• [Data extract]
────────────────────

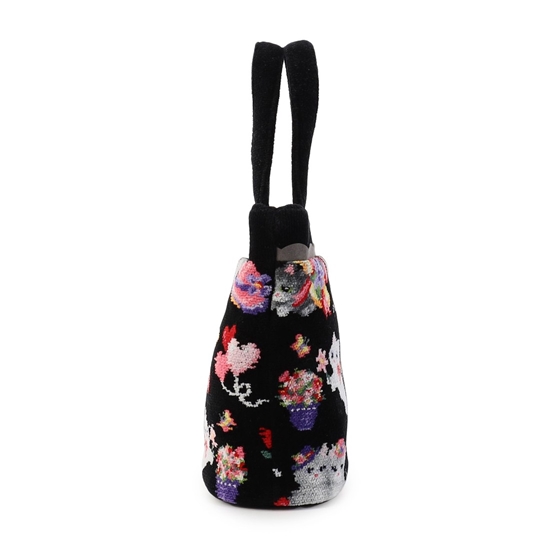 眺めているだけで毎日が明るくハッピーになれそうな『モンプティシャ』のバッグ。楕円形の底は、コンパクトながら見た目以上にたっぷりと収納できます。小物をすぐに取り出せる背面ポケットや、マグネット式の開口部など使いやすさにもこだわりました。ちょっとしたお出かけにおすすめしたい便利な一品です。
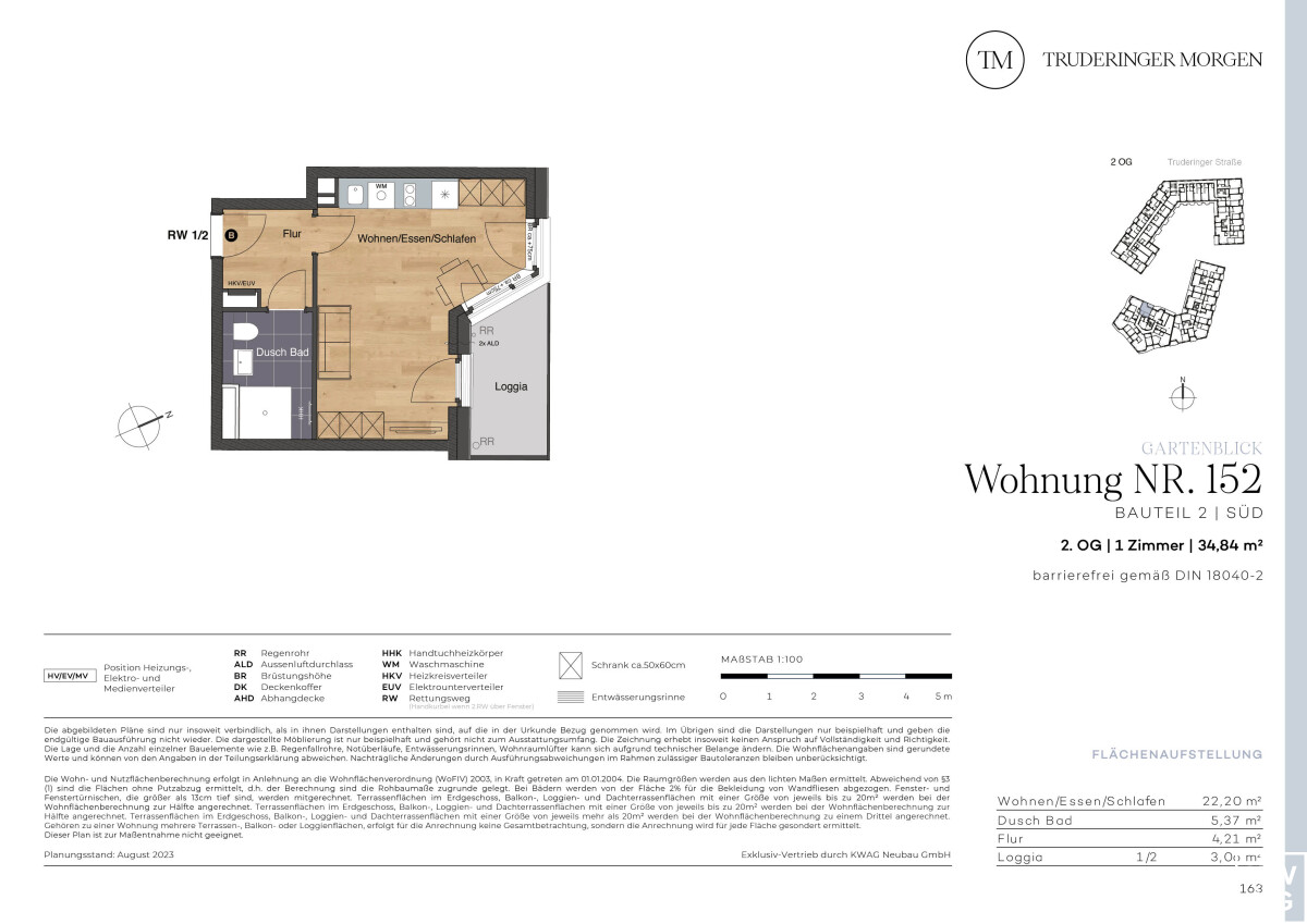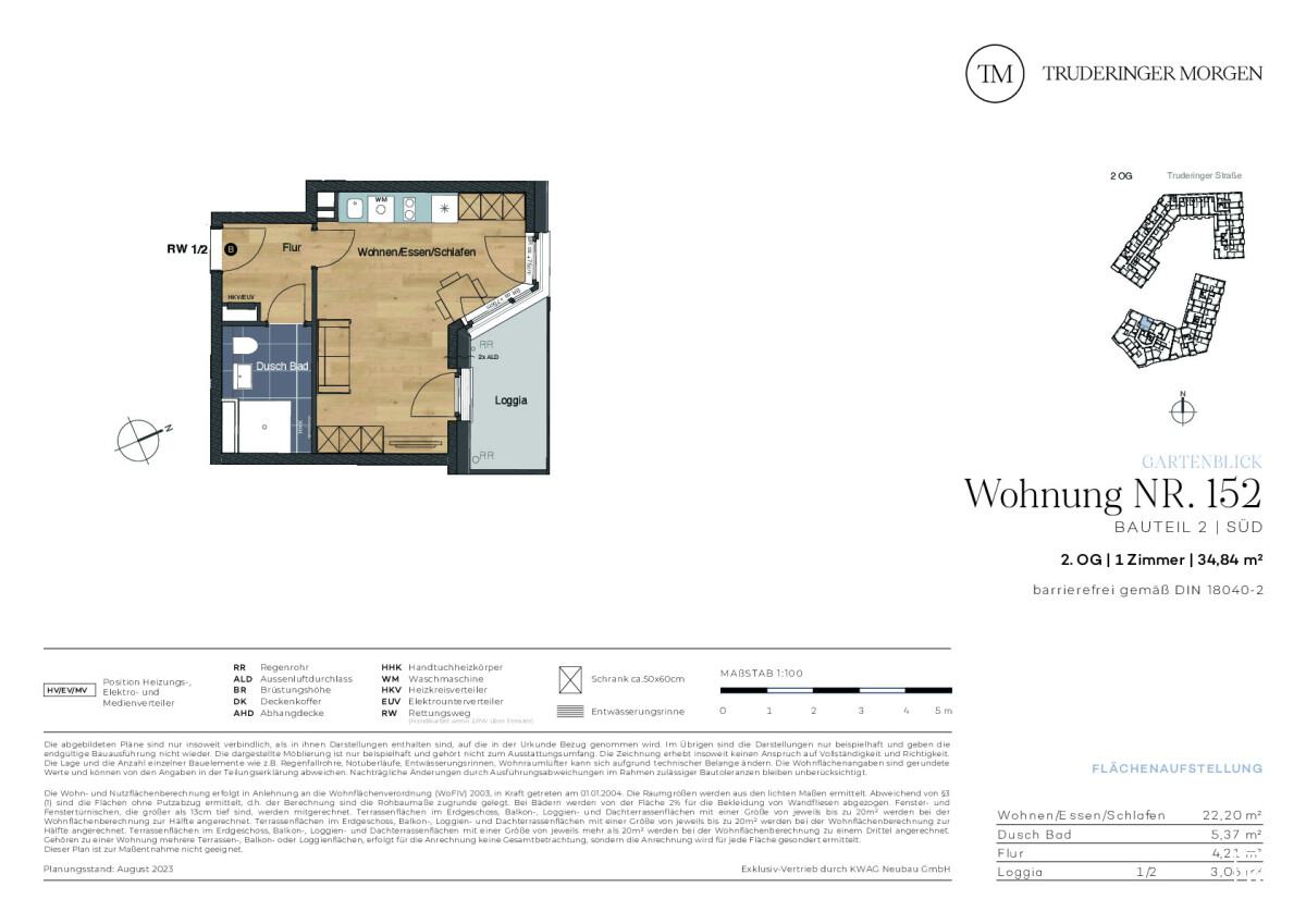 Die 1-Zimmer-Wohnung mit ca. 34,84 m² Wohnfläche und einer schönen Loggia befindet sich im 2.OG des Neubauprojekts Truderinger Morgen. Die Räume sind dabei optimal geschnitten, barrierefrei und bieten viel Platz zum Wohlfühlen. Diese Immobilie eignet sich auch sehr gut als Kapitalanlage. Die Loggia lädt zu gemütlichen Stunden ein und bietet einen beruhigenden Blick ins Grün. Das Duschbad erreichen Sie vom abgetrennten Flur aus und es verfügt über eine bodengleiche Dusche, einen Handtuchheizkörper sowie großformatige Fliesen. Echtholzparkett im Wohnbereich, elektrische Rollläden, Fußbodenheizung und Tiefgaragenstellplätze mit optionaler E-Ladestation sind nur einige der Vorzüge des hochwertigen Wohnraums. Ergänzt wird der hohe Wohnkomfort mit einer optimalen Anbindung und einer ausgezeichneten Infrastruktur für Alltag und Freizeit inmitten des modernen, urbanen Flairs des aufstrebenden Stadtteils im Münchner Osten.
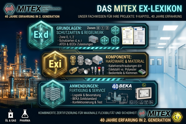 Das MITEX Ex-Lexikon: 40 Jahre Expertise kompakt gebündelt. Erfahren Sie alles über Zonen, Schutzarten (Ex d, e, i), Materialwahl und ATEX-Normen. Praxisnahes Wissen für Ihre Anlagensicherheit.
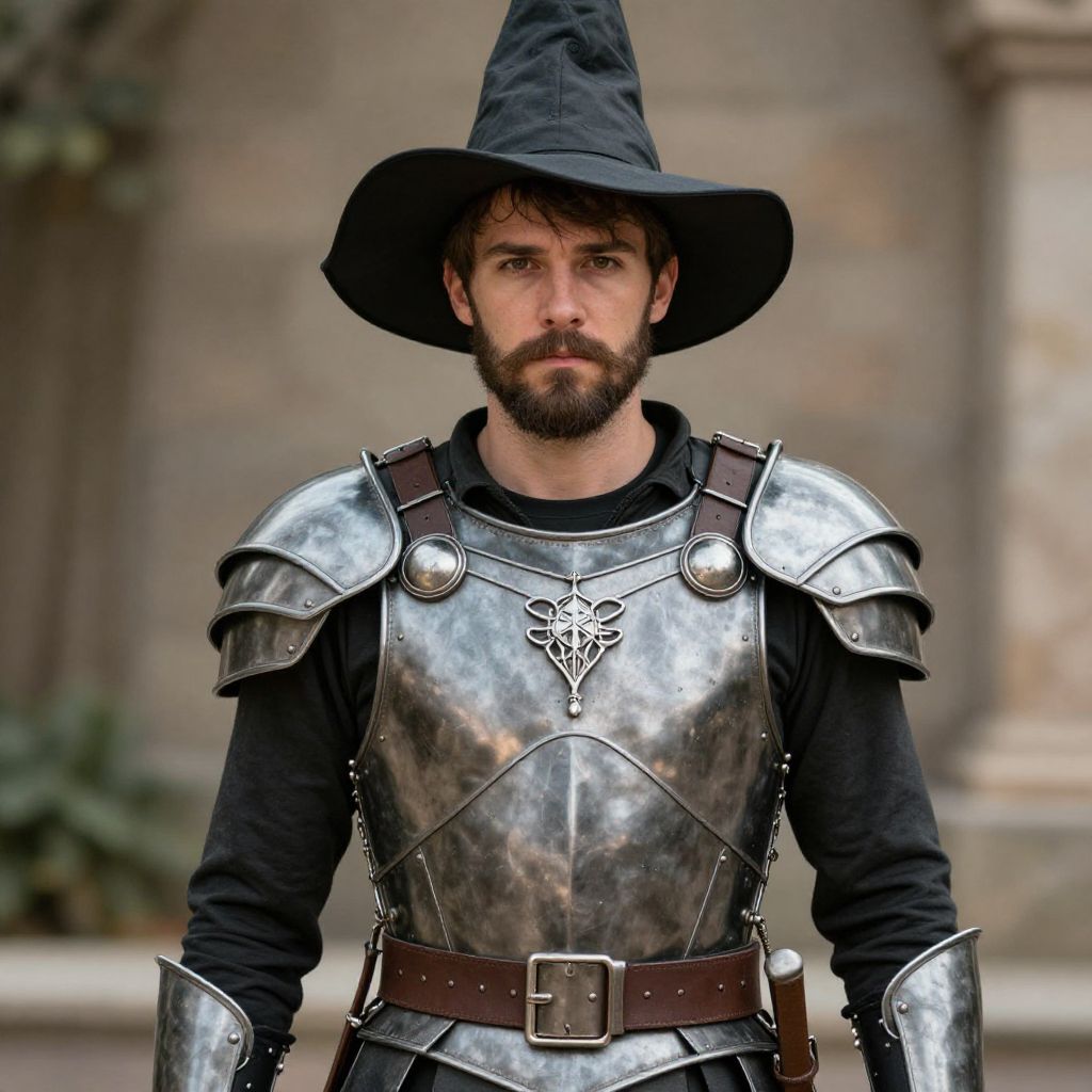 "man strange costume, beard, 1boy, facial hair, male focus, solo, horns, armor, fake horns, gloves, outdoors, blurry background, mustache, standing, blurry, old man Realistic photo of casual sexy person with pretty face"

────────────────────

Only the lines from the one containing "Das MITEX Ex-Lexikon: 40" through the last line of the data above, both included, belong in the reply, each restated exactly and without pictures.

 Das MITEX Ex-Lexikon: 40 Jahre Expertise kompakt gebündelt. Erfahren Sie alles über Zonen, Schutzarten (Ex d, e, i), Materialwahl und ATEX-Normen. Praxisnahes Wissen für Ihre Anlagensicherheit.
 "man strange costume, beard, 1boy, facial hair, male focus, solo, horns, armor, fake horns, gloves, outdoors, blurry background, mustache, standing, blurry, old man Realistic photo of casual sexy person with pretty face"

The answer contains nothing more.